My goal this year is to not let my ED completely rule my life anymore. I mean, I'm going to actually get back to my writing and stop obsessing about how much I'm gaining in recovery and how I can counteract it.
I guess also to just let recovery happen and not try to stop it.
My main goal this year is to try to think more positively and not always think the worst is going to happen. For example, dreading a meal because I think I will gain 5 llbs. Instead, I'll try to think how i might truly enjoy that meal and it might just be one step closer to freedom from my ED!

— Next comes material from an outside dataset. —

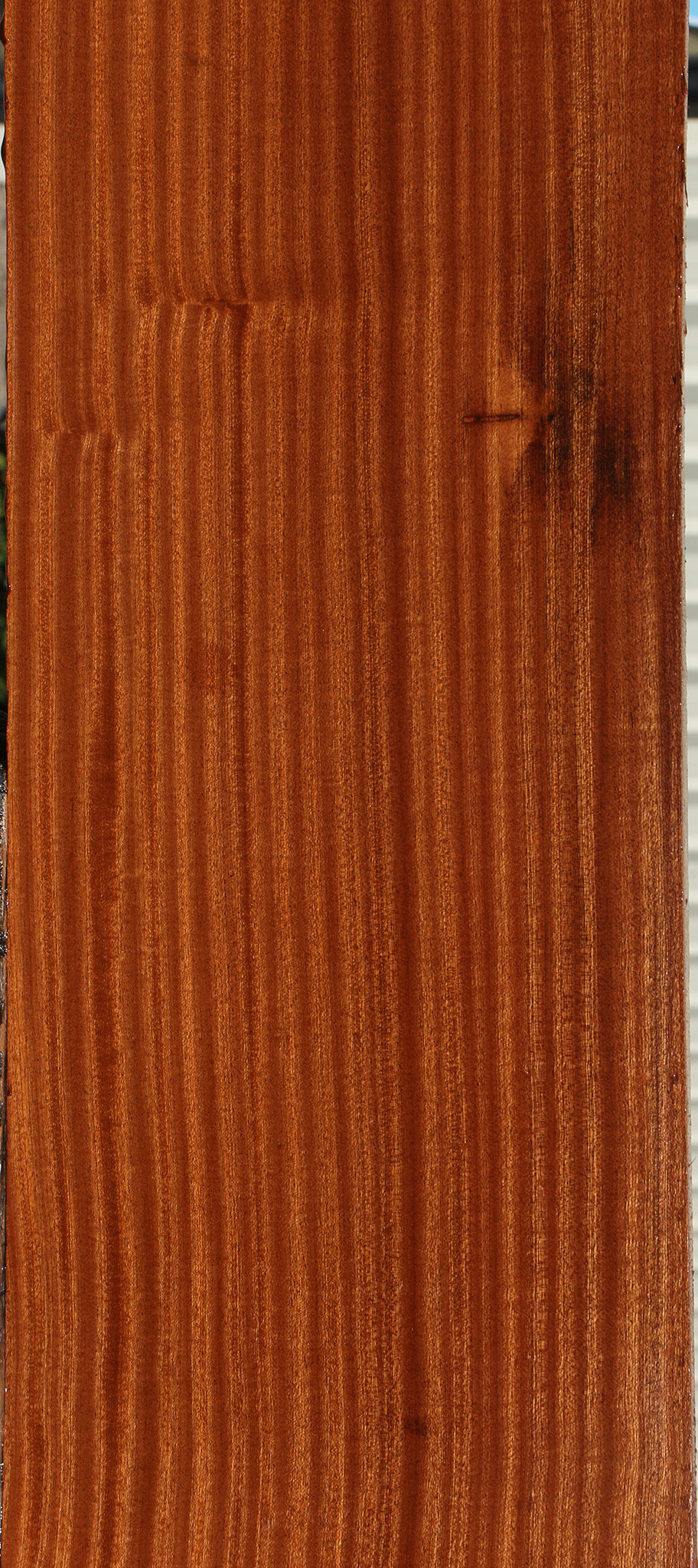 This iridescent and easily workable Sapele is a fantastic choice for fine woodworking projects. Kiln dried and surfaced on two sides, you'll find a range of color and figure in this premium stock. Pieces wider than 8" may have a slight cup or twist. Pieces longer than 36" may have a minor 1/16" to 1/8" bow or twist. See photos for varying degrees of beautiful figure and color! This piece has planer skip, inclusions, and a split. Please see pictures for details.

My goal is to eat three meals a day for at least a week and not even have to think about it as hard, unusual or uncomfortable :) also never to weigh myself and not even give a toss what that number says (ok that last part is a little ambitious but it's still something to aim for!)
I wrote a "Reflections" post about the same type of thing, how every day you can resolve to take the next healthy step forward.
That said, my goal is to just be the healthiest, best me I can be. I know what this means for me, and it will be different than what it means for other people. I have to remember that I have different needs and goals and my progress is important, not perfection.
These are great goals - I am a huge believer in 'fake it til ya make it' myself, and I totally agree that resolutions are about things you WANT to do, not what you can't or shouldn't or won't do. Here's to 2011!
I am going to go on an adventure (something that has become hard from me to do since developing AN.) My plan is to rent an RV and spend a week at Edisto Beach during spring break, just walking around, perhaps going into Charleston one day, picking up sea shells and eating at quaint little restaurants that don't tell me how many calories are in my food!
My ultimate goal is to make 2011 a year of love, joy and adventure. I do not plan on repeating the year 2010 (possibly the worst year of my adult life!)
i like the "fake it til you make it" goal. i find it works surprisingly well for me!
i generally don't do the NY resolution thing either, but this year it's been on my mind a lot because i feel like i SHOULD incorporate my recovery somehow into a resolution- but i haven't been able to think of anything specific or concrete enough to actually do it. getting rid of the scale would be a good one, but i don't know that i can do it.